Support Questions
Find answers, ask questions, and share your expertise
Announcements
Alert: Welcome to the Unified Cloudera Community. Former HCC members be sure to read and learn how to activate your account here.

Hive CONCATENATE not always merging all small files

Highlighted

Hive CONCATENATE not always merging all small files

Expert Contributor

I created an ORC table in Hive (saved in HDFS path /apps/hive/warehouse/mydb.db/mytable). As I need to add some rows manually sometimes, I call the INSERT statement. This creates many small files in the table directory in HDFS, which is the expected behavior.

Now I run the command

ALTER TABLE mydb.mytable CONCATENATE;

to merge these small files together to bigger files. What I'm observing here is, that sometimes all small files are merged to one big file (~80 MB) and sometimes I have the big file and some small files (with a few KB each) over, they seem not to be merged.
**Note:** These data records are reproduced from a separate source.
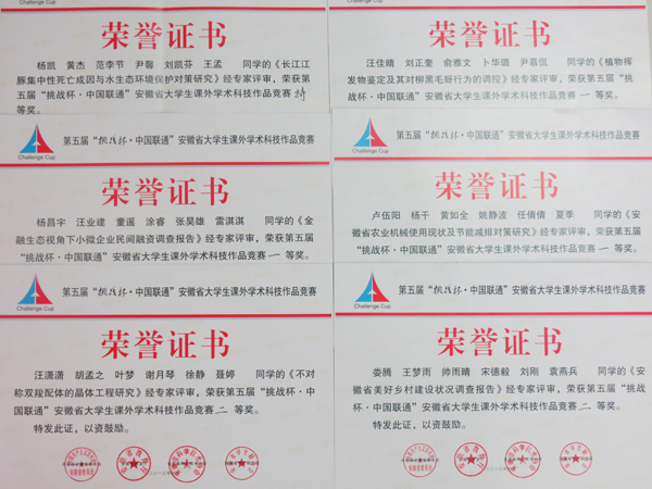 经过选拔,38件作品进入复赛,最后19件作品进入决赛。最后学校又组织专家进行评审,遴选了6件作品参加安徽省第五届“挑战杯”大学生课外学术科技作品竞赛。省级比赛,各高校最多只能报送6件。
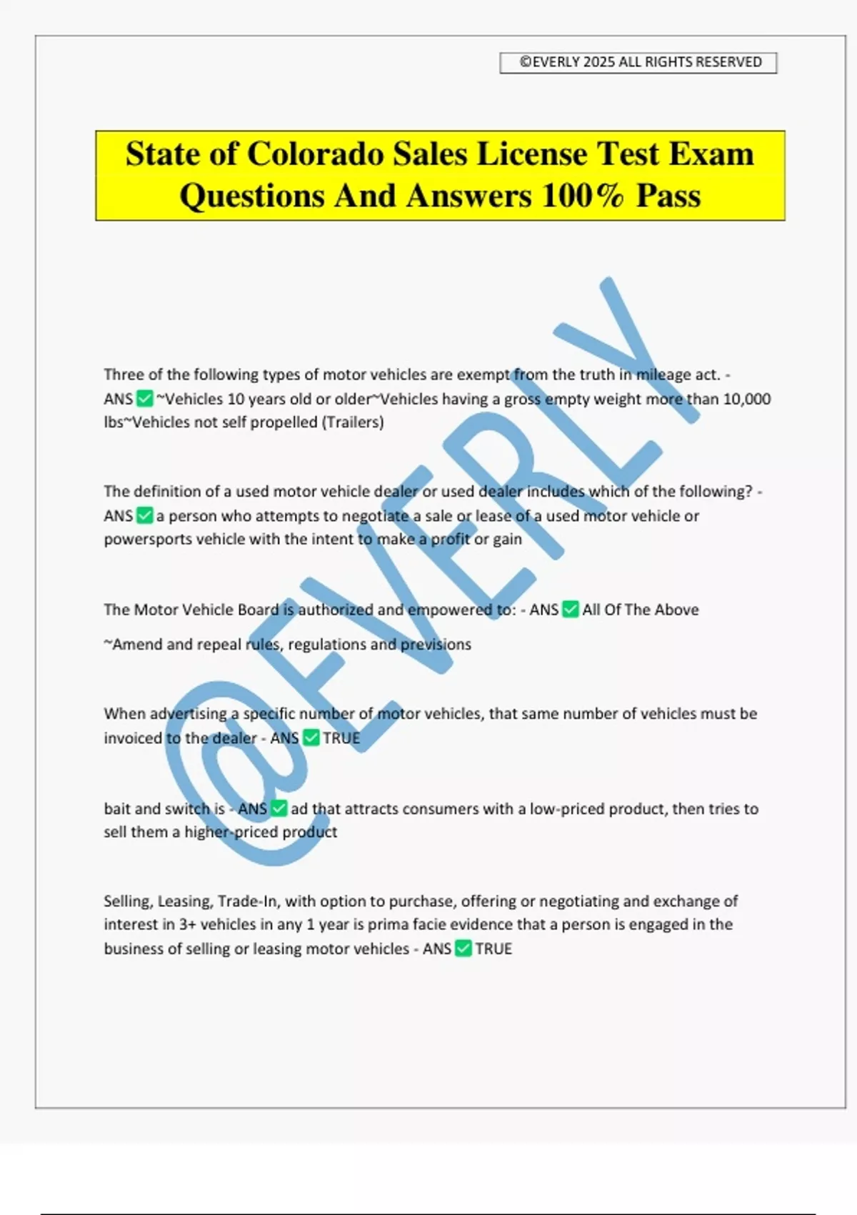 State of Colorado Sales License Test Exam Questions And Answers 100% Pass Three of the following types of motor vehicles are exempt from the truth in mileage act. - ANS ~Vehicles 10 years old or older~Vehicles having a gross empty weight more than 10,000 lbs~Vehicles not self propelled (Trailers) The definition of a used motor vehicle dealer or used dealer includes which of the following? - ANS a person who attempts to negotiate a sale or lease of a used motor vehicle or powersports vehicle with the intent to make a profit or gain The Motor Vehicle Board is authorized and empowered to: - ANS All Of The Above ~Amend and repeal rules, regulations and previsions When advertising a specific number of motor vehicles, that same number of vehicles must be invoiced to the dealer - ANS TRUE bait and switch is - ANS ad that attracts consumers with a low-priced product, then tries to sell them a higher-priced product Selling, Leasing, Trade-In, with option to purchase, offering or negotiating and exchange of interest in 3+ vehicles in any 1 year is prima facie evidence that a person is engaged in the business of selling or leasing motor vehicles - ANS TRUE ©EVERLY 2025 ALL RIGHTS RESERVED By obtaining an off-premise permit, dealers may sell motor vehicles at another location on Sunday - ANS FALSE - NO Sale of vehicle should be done on Sundays Which of the following statements is true regarding dealer demo plates? - ANS a demo drive cannot exceed 7 days Colorado Lemon Law includes: - ANS defects that substantially impair the market value of the vehicle Motor vehicle insurance is required: - ANS for all registered vehicles intended for use on colorado roads Which is true regarding in-transit plates? - ANS in-transit plates may be used to transport vehicles from point of purchase to point of storage or from point of storage to point of sale Licensed dealers may sell which of the following on Sundays? - ANS The selling of boat trailers and snowmobile are exempt Which of the following steps are required to properly and legally repossess a motor vehicle? - ANS effect a lien creating a security interest, Allow the required payment to default (become at least 10 days late), send or hand deliver a "right to cure" letter to the debtor and allow the debtor 20 days to cure An advertisement may include - ANS licensed name with the word DEALER which of the following is a used vehicle? - ANS any vehicle that has been previously bought a demo vehicle with 1500 miles Which of the following a
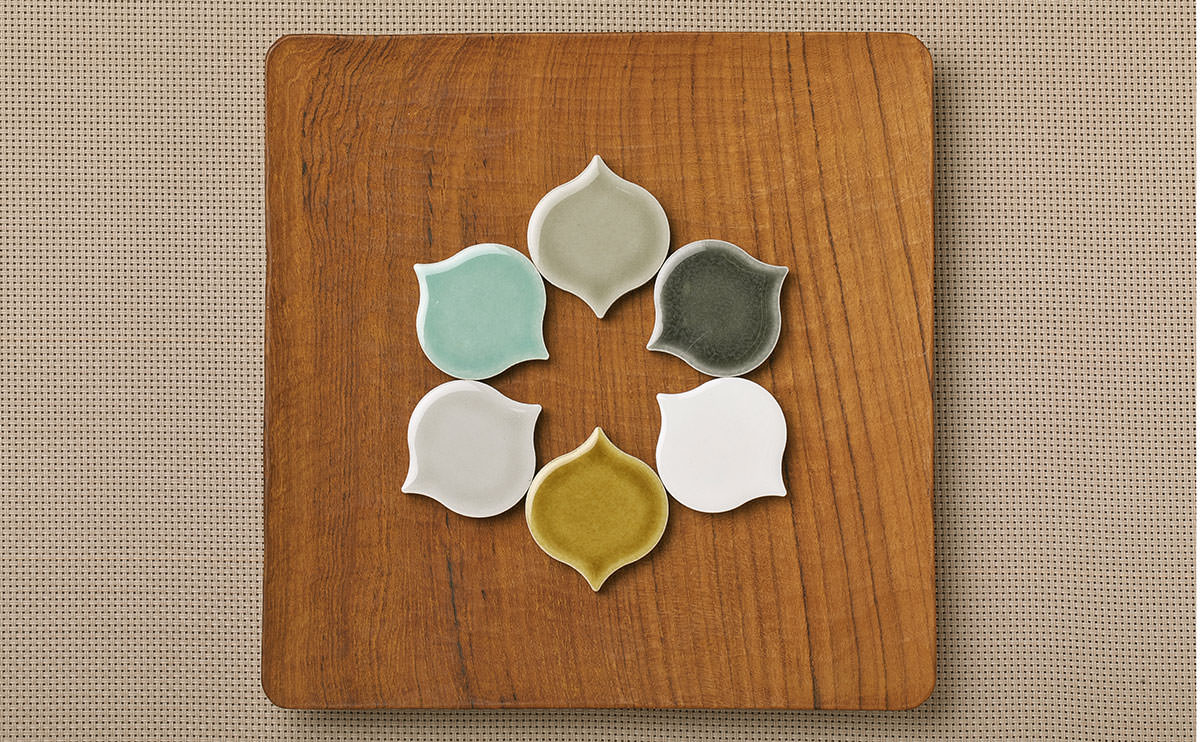 玉ねぎ、水滴、お化けなど見る人によってイメージが変わる抽象的な形状のタイル。

Is this normal behavior of the CONCATENATE command? Is there a way to influence this behavior (to avoid having these small files sometimes after the Concatenate command)?

Thank you!

1 REPLY 1

Re: Hive CONCATENATE not always merging all small files

@Daniel Müller

When merging the Hive ORC files, instead of matching the files wrt Block size, the files are merge as per the ORC stripe size.

The property which controls this is hive.merge.orcfile.stripe.level. When the property is set to true, the merge happens at stripe level and when set to false, the files are merge at file level. Parameters which affect the file level merge are:

hive.merge.tezfiles=true
hive.merge.mapfiles=true
hive.merge.size.per.task=256000000
hive.merge.smallfiles.avgsize=16000000

For more details refer link.

Also, there are some known limitations related to concatenation. Do observe the behaviour and file count when the concatenate is run in say 5 iterations.